2. Find the majority label among $y^{(1)},\ldots,y^{(k)}$ and return as $f(x)$.

### Example

In [89]:
model = KNeighborsClassifier(n_neighbors=7)
model.fit(X_train,y_train)
predicted = model.predict(X_test)
cm = confusion_matrix(y_test,predicted)

In [90]:
model.score(X_test,y_test)

0.728552406315389

In [91]:
chisquare(cm,axis=None)

Power_divergenceResult(statistic=288758.14228647517, pvalue=0.0)

## K-Means

K-Means is a unsupervised algorithm. We have data points $D = \{ x^{(1)},\ldots,x^{(N)} \}$ and a number $k$. Here is a short description of the algorithm:

1. Start with randomly chosen points $c^{(1)},\ldots,c^{(k)}$ from $D$ and $k$ empty sets $S^{(1)},\ldots,S^{(k)}$.
2. For each point $x^{(i)}$ in $D$, find the closest centroid $c^{(j)}$ and add $x^{(i)}$ to $S^{(j)}$.
3. Find the center of each $S^{(i)}$ and call them $d^{(1)},\ldots,d^{(k)}$.
4. If each $c^{(i)}$ and $d^{(i)}$ are close enough terminate the algorithm, if not assign $c^{(i)}\leftarrow d^{(i)}$ and go to step 2.

### Example


In [82]:
k = len(np.unique(y))
model = KMeans(n_clusters=k)
predicted = model.fit_predict(X)
cm = confusion_matrix(y,predicted)
chisquare(cm,axis=None)

Power_divergenceResult(statistic=165879.0181212842, pvalue=0.0)

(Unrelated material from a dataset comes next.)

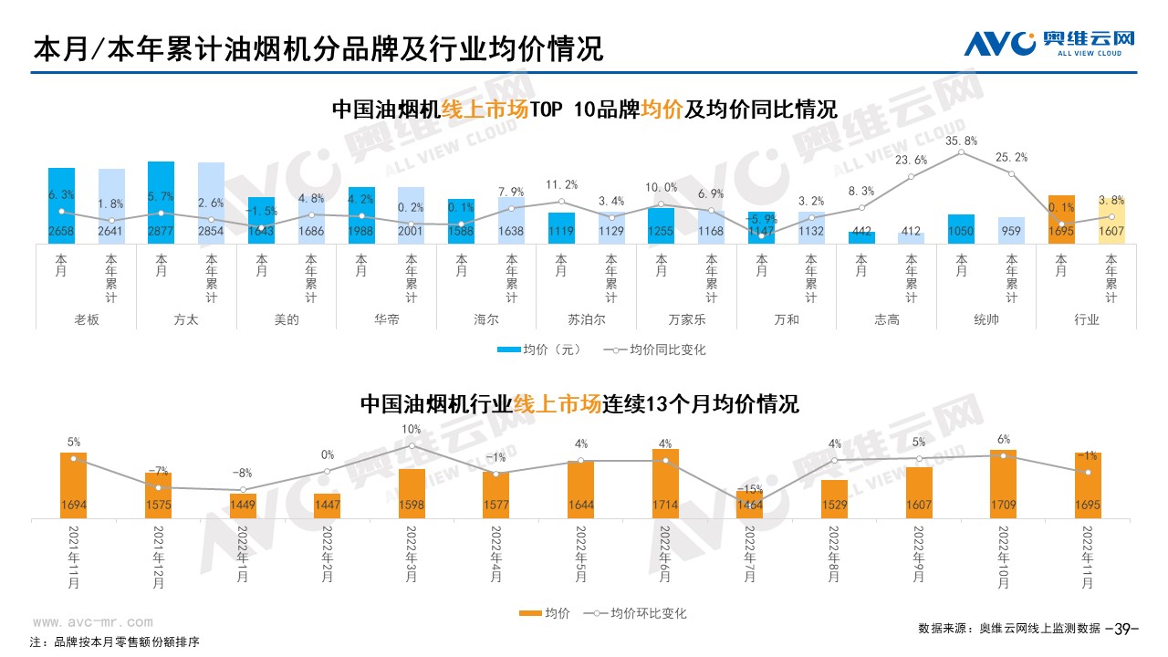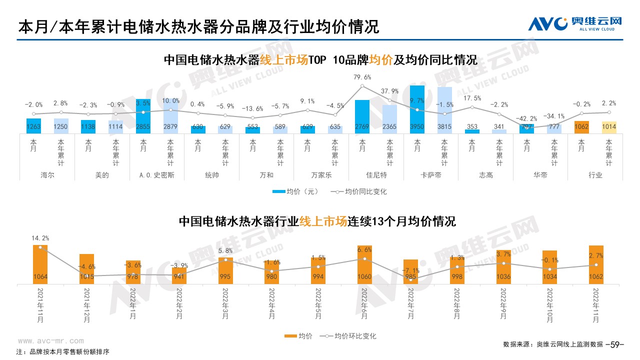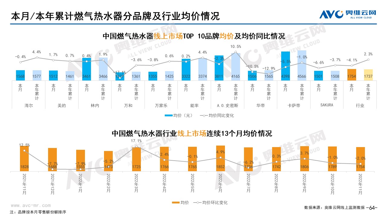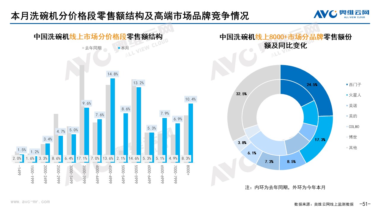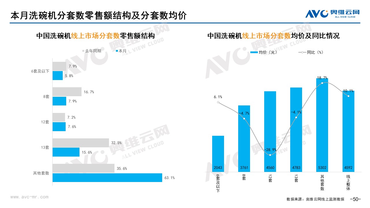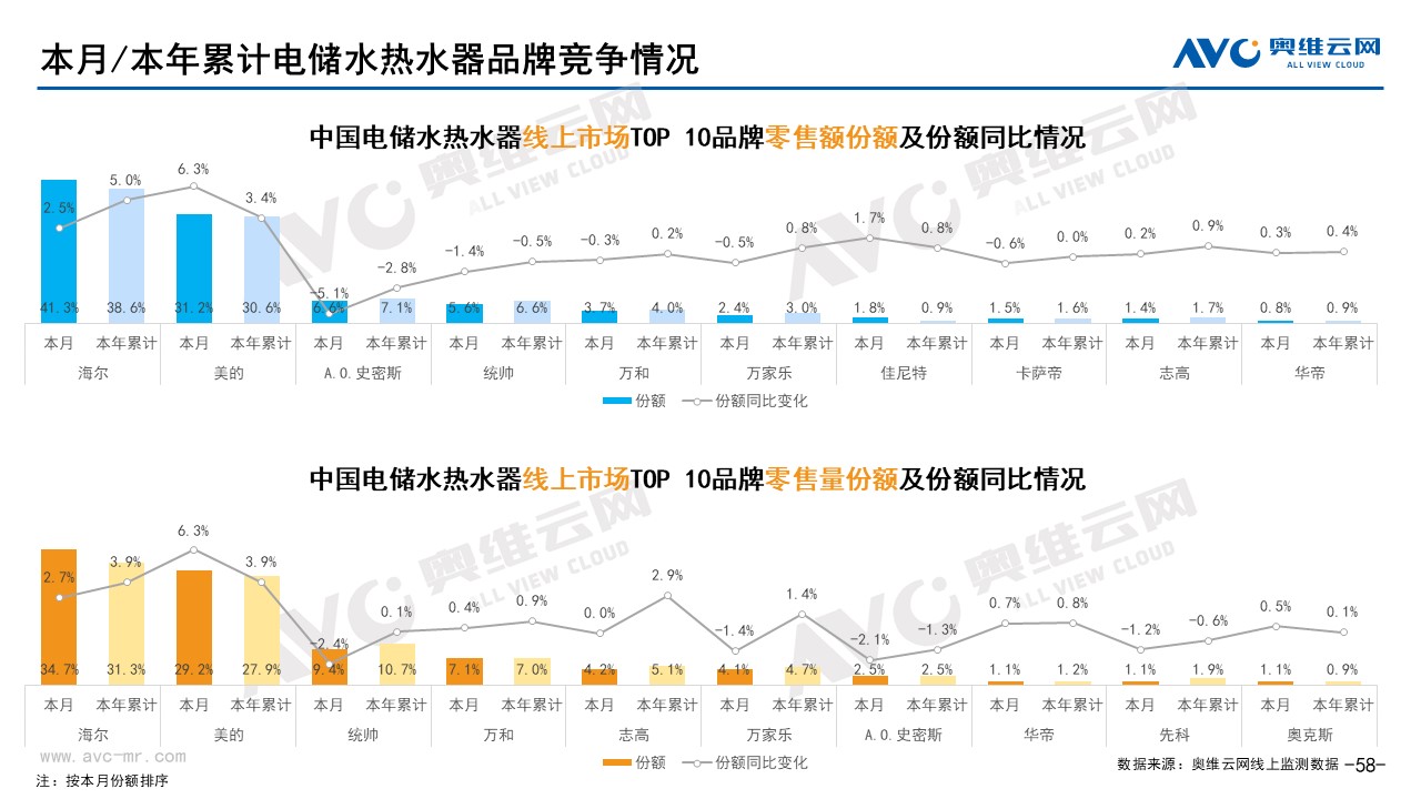 厨卫:据奥维云网(AVC)线上市场监测数据显示,本月厨卫主要品类中,油烟机、燃气灶、洗碗机、集成灶、电热和燃热的线上零售额规模同比分别为-17.8%、-24.4%、-18.3%、-33.4%、-3.6%和-17.1%;油烟机、燃气灶、洗碗机、集成灶、电热和燃热的均价分别为1695元、918元、4592元、8537元、1062元和1754元,同比分别为0.1%、-2.7%、10.1%、4.3%、-0.2%和-4.1%;各品类中,高端品零售额占比分别为0.9%、2.4%、10.4%、8.5%、0.5%和4.8%,同比分别为-0.6%、-0.5%、2.0%、2.9%、-0.3%和-3.4%。

## Hierarchical Clustering

Hierarchical clustering algorithm is an unsupervised algorithm. The algorithm gradually merge points into clusters. It does this by placing $B_\epsilon(x)$ on each $x\in D$. We merge two points $x_1$ and $x_2$ at a specific $\epsilon$ if $B_\epsilon(x_1)$ and $B_\epsilon(x_2)$ intersect. While this is straightforward for individual pairs of points, one has to decide how clusters of points merge when $\epsilon$ is large enough. This is called the *linkage* method. 

Let us use $ d_{(ij)k} $ to denote the distance between the clusters $ C_{k} $ and $ C_{ij} = C_i \cup C_j $ which is merged in a single cluster.  One calculates the distance 
\\[ d_{(ij)k} = \alpha_{ijk} d_{ik} +\alpha_{jik} d_{jk}+ \beta_{ijk} d_{ij} + \gamma|d_{ik}-d_{jk}| \\] 
for parameters $\alpha_{ijk}$, $\beta_{ijk}$ and $\gamma$ to be determined.  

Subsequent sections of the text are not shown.